The debate over smoking in America over the past several years has reached an ever-accelerating pace. Arguments are thrown back and forth, with pro-tobacco advocates railing about privacy, freedom, and personal responsibility and the anti-smoking groups railing about cancer, mortality rates, addiction, and second-hand smoke.

There are good and bad arguments coming from both camps. The anti-smokers have the benefit of using media blitzes to promote their cause, and the pro-smokers have the benefit of a huge and increasingly alienated user base. There is evidence, however, that the argument can never be won by either side under our current political system. The purpose of this writeup is to examine the strengths and flaws of each side as they relate to the current legal environment in the United States.

The issues

Smokers and their advocates have some salient points about current restrictions concerning smoking, but so do their opponents. The following is an examination of two of these points along with the strengths and weaknesses of each

  • Freedom
    Pro-smoking: America is about freedom, and freedom should mean individuals should be able to do whatever they wish as long as it does not interfere with the rights of others. Restrictions such as those instituted in Montgomery county, Maryland (where you may smoke in your yard, but if it wafts over your fence into your neighbor's yard, you could be fined $750.00) interfere with the basic freedoms granted to Americans by the constitution. American citizens should be able to do whatever they wish on their own property, and have equal access to public properties. Resaurants and bars should have the choice whether to allow smoking or not. The marketplace will determine the value of their choices and the government should stay out of it.
    Anti-smoking: There are legal restrictions for activities that impinge on the private property, use of public facilities, and health and well-being of others. Noise and light pollution issues are readily understood and accepted, and access for handicapped individuals is mandated for public facilities. Smoke is a noxious substance which can be irritating to other individuals, and can often acutely affect the health of some. Asthmatics for example should not be forced to walk through a cloud of cigarette smoke in the lobby of public buildings or while riding on public transportation. People should have recourse if others are affecting their use of private property by noise, smoking, light, or other environmental factors.
    The issue here is how far are Americans as individuals willing to give up certain freedoms in order to make their surroundings more comfortable and safe. Most would agree that certain things such as pornography, profanity, nudity, and sexual activity to name a few should be limited to some degree as regards their presence in public. Certain speech, such as inciting a riot, yelling "bomb!" in a crowded theater, or discussing overthrowing the government is limited, and rightfully so. The issue of where smoking fits into this spectrum is a valid one, and doesn't easily yield a black and white answer, despite the contentions of both sides.

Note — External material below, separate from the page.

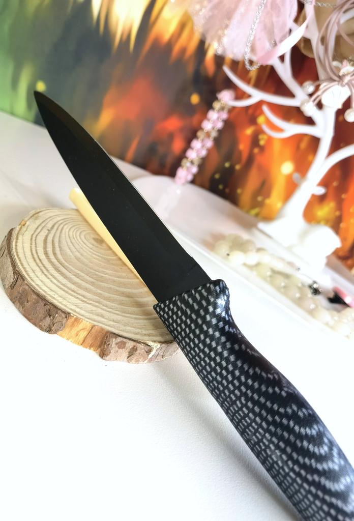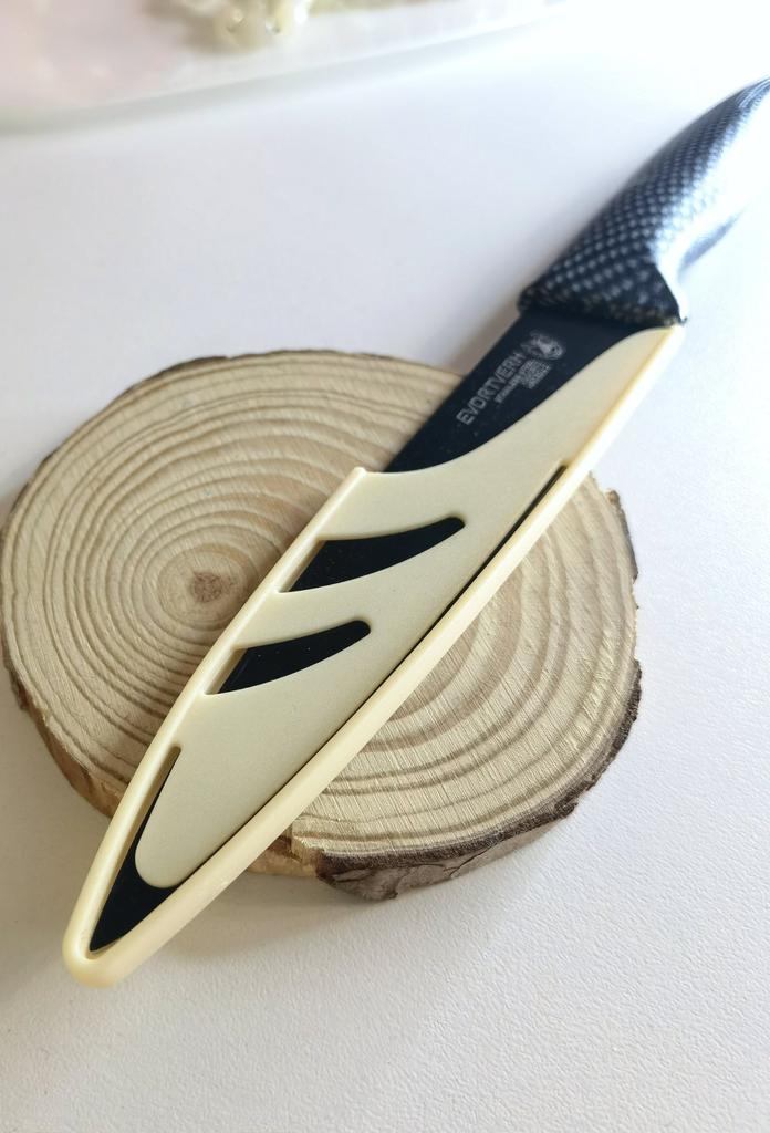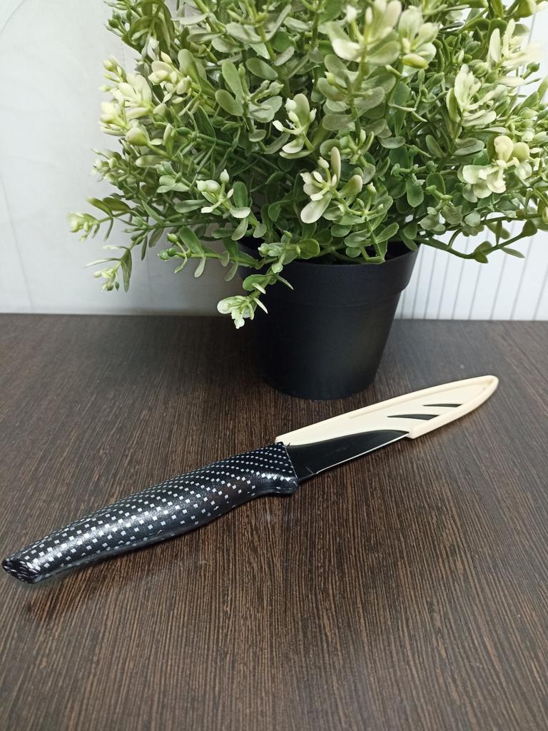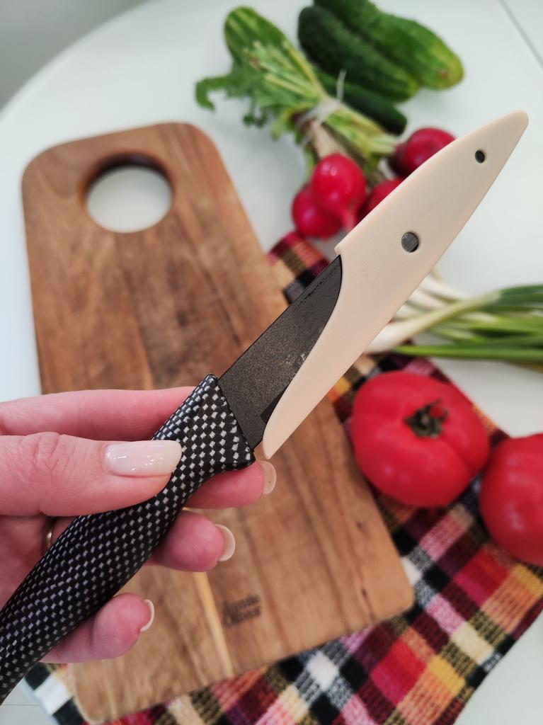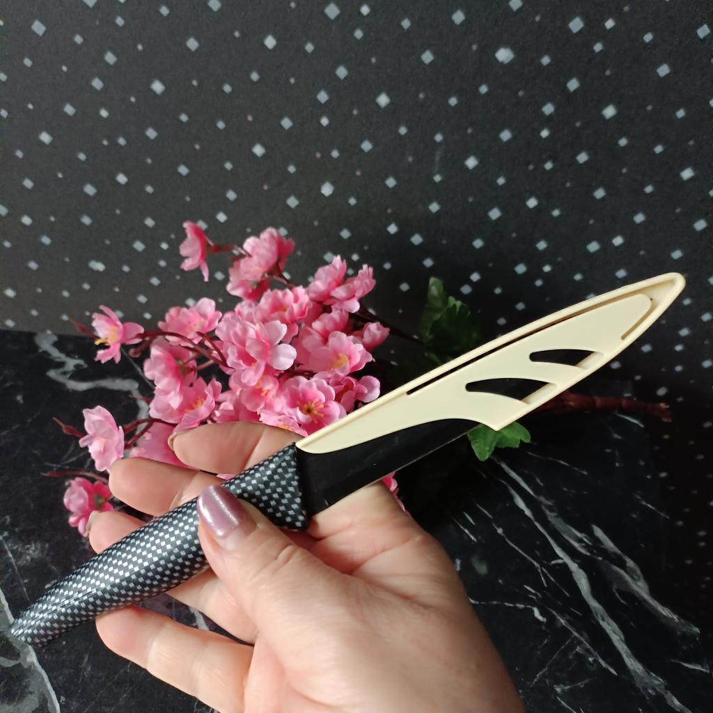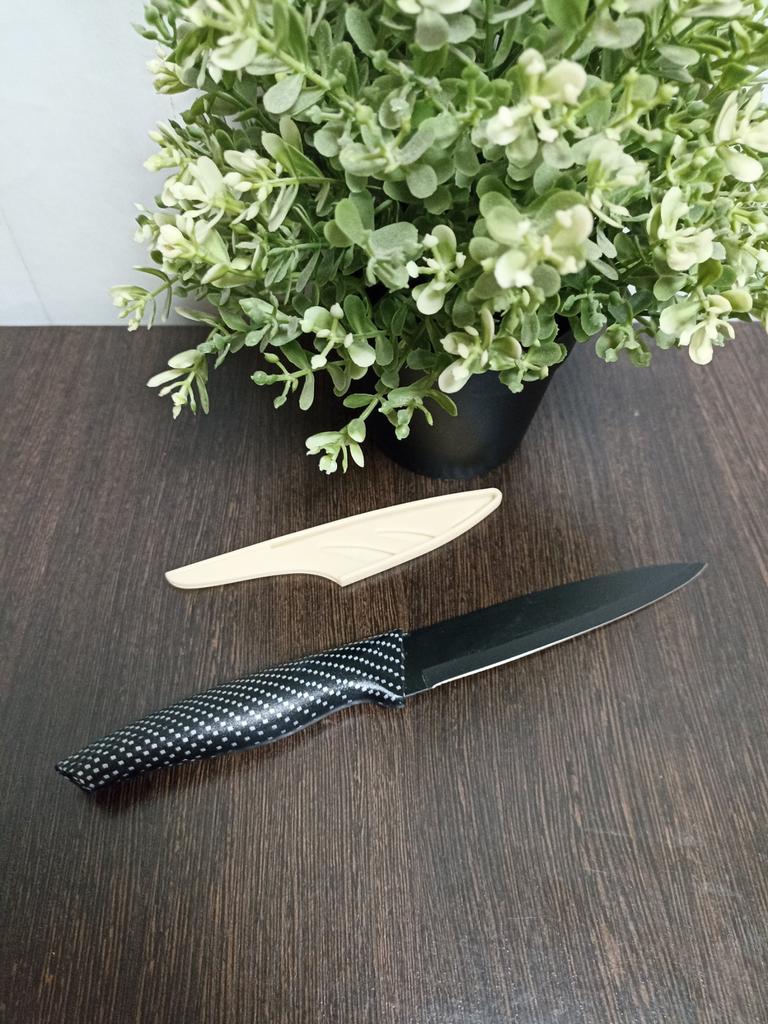 Cuchillo de fruta económico. Lindo, con un mango de lunares 🤗 Bueno, no exactamente lunares, si lo miras más de cerca son cuadrados, pero se ve lindo.. El mango es de plástico, la hoja es de acero inoxidable y negra 👍 En un lado hay una inscripción con el nombre de la marca, escudo, grado del acero y una indicación de que es acero inoxidable.. El cuchillo cabe cómodamente en la mano.. Otra característica muy interesante es la portada. Es de plástico, con ranuras, cubre de forma segura la hoja y no se cae.

In some instances smoking does not affect others, and in some it does. The task of specifically legislating a law that justly divides these situation is simply impossible.

  • Personal responsibility
    Pro smoking: When performed in the privacy of one's own home or vehicle, or in situations where others are not affected, smoking only harms the user. There is no impairment of reflexes or judgement attributed to smoking as there is with other substances. Smoking, therefore, is a personal choice, and the government should not pass laws affecting this. Building codes that restrict residents from smoking in their own apartments (such as the co-op at 180 West End Avenue, NYC - where they will kick you out if you smoke in your own place) should not be legal, as the action harms nobody else.
    Anti smoking: Besides the sidestream smoke issue, an individual harming themselves can be detrimental to society. The burden to society of the illnesses caused by smoking, the low-birth weight infants, and the social impact on families who lose loved ones and providers due to smoking is not acceptable. Yes, individuality is important, but there is a responsibility to society in being a citizen as well, and smokers shirk some of that responsibility for their own self-gratification and/or addiction.
    This, more than anything else is the unsolvable issue. The reason for this is the existence of welfare state. With the ushering in of The Great Society in 1964 under President Lyndon Johnson, the United States began providing medical coverage for the poor and elderly through the Medicare and Medicaid programs. People not under these programs arguably should have every right to smoke when it does not affect others, but the dilemma comes when considering what to do about those that are supported by the tax dollars of others. Why should non-smoking Americans be forced to pay for pulmonary care, medications, hospitalizations, and other medical costs associated with smoking for those covered by these programs? Why should tax dollars be used to pay for food stamps for a two-pack-a-day smoker who would have an extra thousand or two dollars each year if they did not smoke? The dilemma is that Medicare and Medicaid cannot refuse to pay for these costs, nor can they disqualify smokers from these programs or restrict the beneficiaries from smoking - all methods that would solve the problem, but would put the government in the position of denying certain actions to some citizens and not to others.

Thus, despite good arguments on both sides of the issue, the wedge of social programs permanantly prevents a workable solution. The only way for the United States to make progress on the debate over smoking is to make fundamental changes in the entitlement programs that exist, and that doesn't seem likely any time soon.

momomom points out that the policy of private insurance companies of charging smokers higher rates than non-smokers is pertinent to this discussion. It shows that the marketplace realizes the increased cost of health care for smokers. The respective welfare organizations have so far turned a blind eye.